In [None]:
# SOLUTION_REUSE.ipynb
import pandas as pd
import numpy as np
# from retrieval import bert_retriever  # Remove this import - already done in a previous turn

# Load data
df = pd.read_csv('data/processed/cases.csv')

# Buat mapping case_id ke amar putusan
case_solutions = dict(zip(df['case_id'], df['amar']))

# Get the retriever function from cell jZzAsn0LuzvV
# Make sure cell jZzAsn0LuzvV has been executed
retriever_func = bert_retrieval()

def predict_outcome(query, k=5):
    # 1. Retrieve top-k cases
    # Call the retriever function obtained from bert_retrieval()
    top_k_cases = retriever_func(query, k=k)

    # 2. Ambil solusi dari kasus-kasur tersebut
    solutions = [case_solutions[case_id] for case_id in top_k_cases if case_id in case_solutions]

    # 3. Terapkan majority voting
    # (Dalam implementasi nyata, bisa menggunakan pendekatan yang lebih canggih)
    if not solutions:
        return "Tidak dapat memprediksi"

    # Hitung solusi yang paling sering muncul
    solution_counts = {}
    for sol in solutions:
        simplified = simplify_solution(sol)
        solution_counts[simplified] = solution_counts.get(simplified, 0) + 1

    # Ambil solusi dengan count tertinggi
    predicted_solution = max(solution_counts.items(), key=lambda x: x[1])[0]
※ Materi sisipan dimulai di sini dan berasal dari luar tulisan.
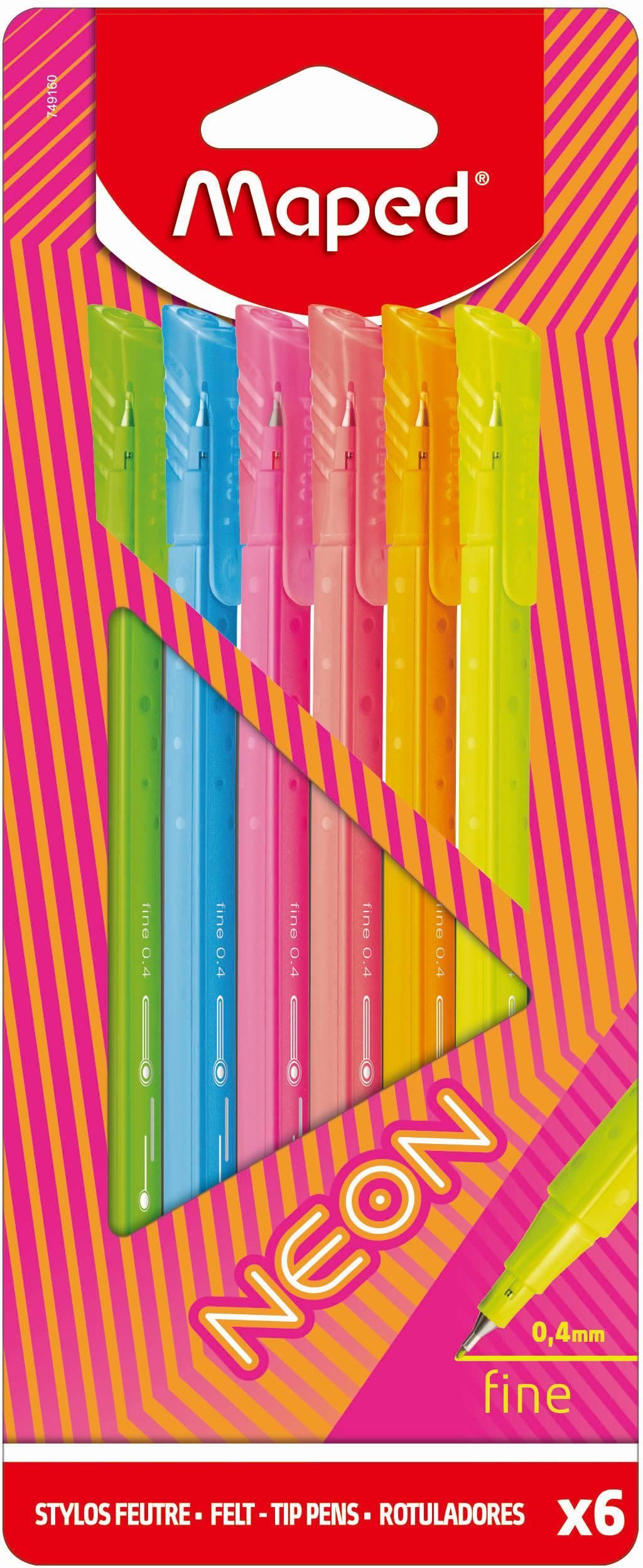 Cienkopis Graph Peps Neon 6 kolorów Neonowy trend niezmiennie urzeka. Nowa kolekcja Maped Neon podąża w tym kierunku. Żywa i przyciągająca wzrok paleta kolorów jest idealnym wyborem dla wszystkich tych, którzy są gotowi odważnie wyrazić siebie. Nasycone i soczyste kolory dodają rysunkom, notatkom i …
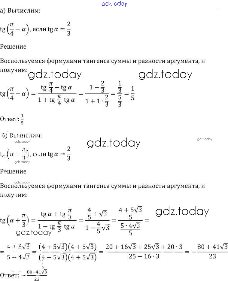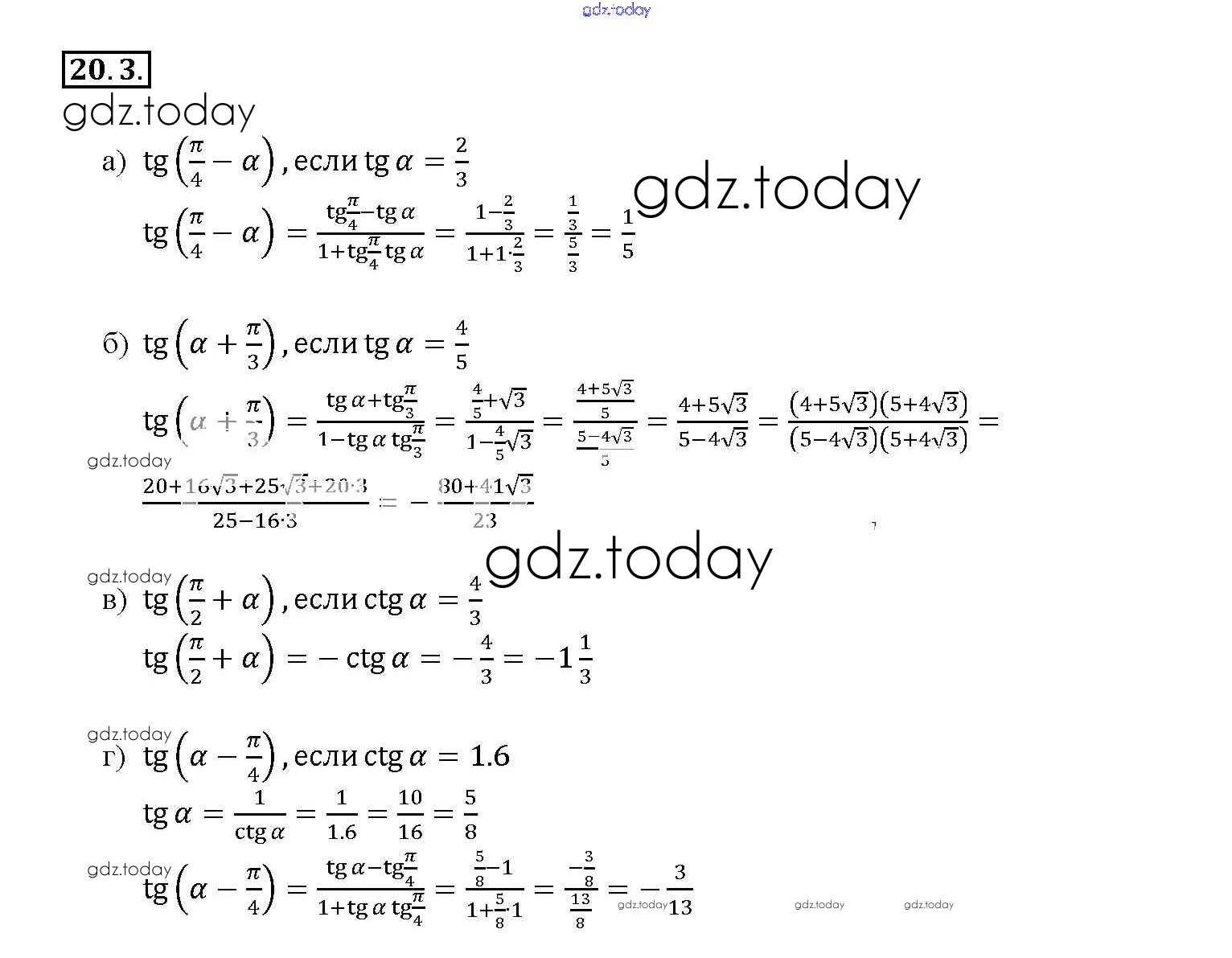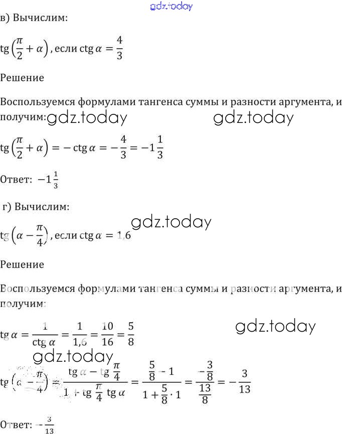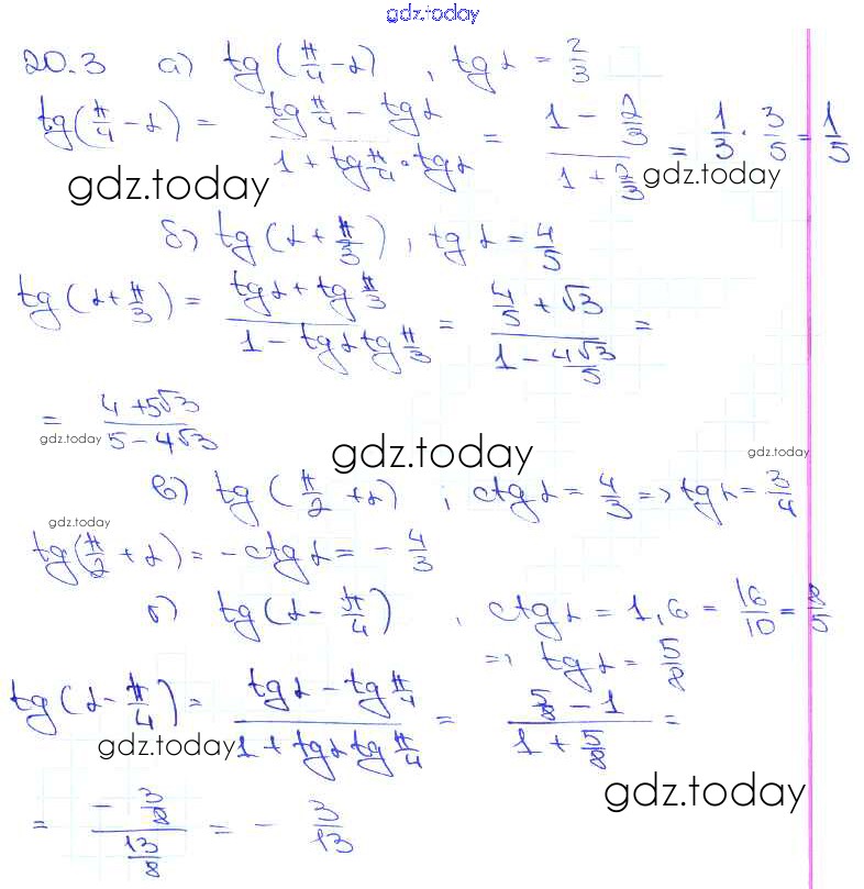 Ответы к §20. Тангенс суммы и разности аргументов Глава 4 20. 3 Задачнику по Алгебре для 10-11 класса Мордкович, Денищева Базовый уровень Мнемозина 2015

    return predicted_solution


def simplify_solution(solution):
    """Simplifikasi teks amar putusan"""
    if pd.isna(solution): # Handle potential NaN values
        return "Lainnya"
    if "dijatuhi pidana" in solution.lower():
        return "Pidana Penjara"
    elif "dibebaskan" in solution.lower():
        return "Bebas"
    elif "dinyatakan tidak terbukti" in solution.lower():
        return "Tidak Terbukti"
    else:
        return "Lainnya"

# Contoh penggunaan
test_queries = [
    "pelaku ditangkap dengan barang bukti sabu 1 gram",
    "terdakwa mengedarkan ganja seberat 500 gram",
    "pemakai narkotika jenis ekstasi"
]

results = []
for query in test_queries:
    prediction = predict_outcome(query)
    results.append({
        'query': query,
        'predicted_solution': prediction
    })

# Simpan hasil prediksi
# Create directory if it doesn't exist
os.makedirs('data/results', exist_ok=True)
results_df = pd.DataFrame(results)
results_df.to_csv('data/results/predictions.csv', index=False)

print("Contoh Prediksi:")
print(results_df.head())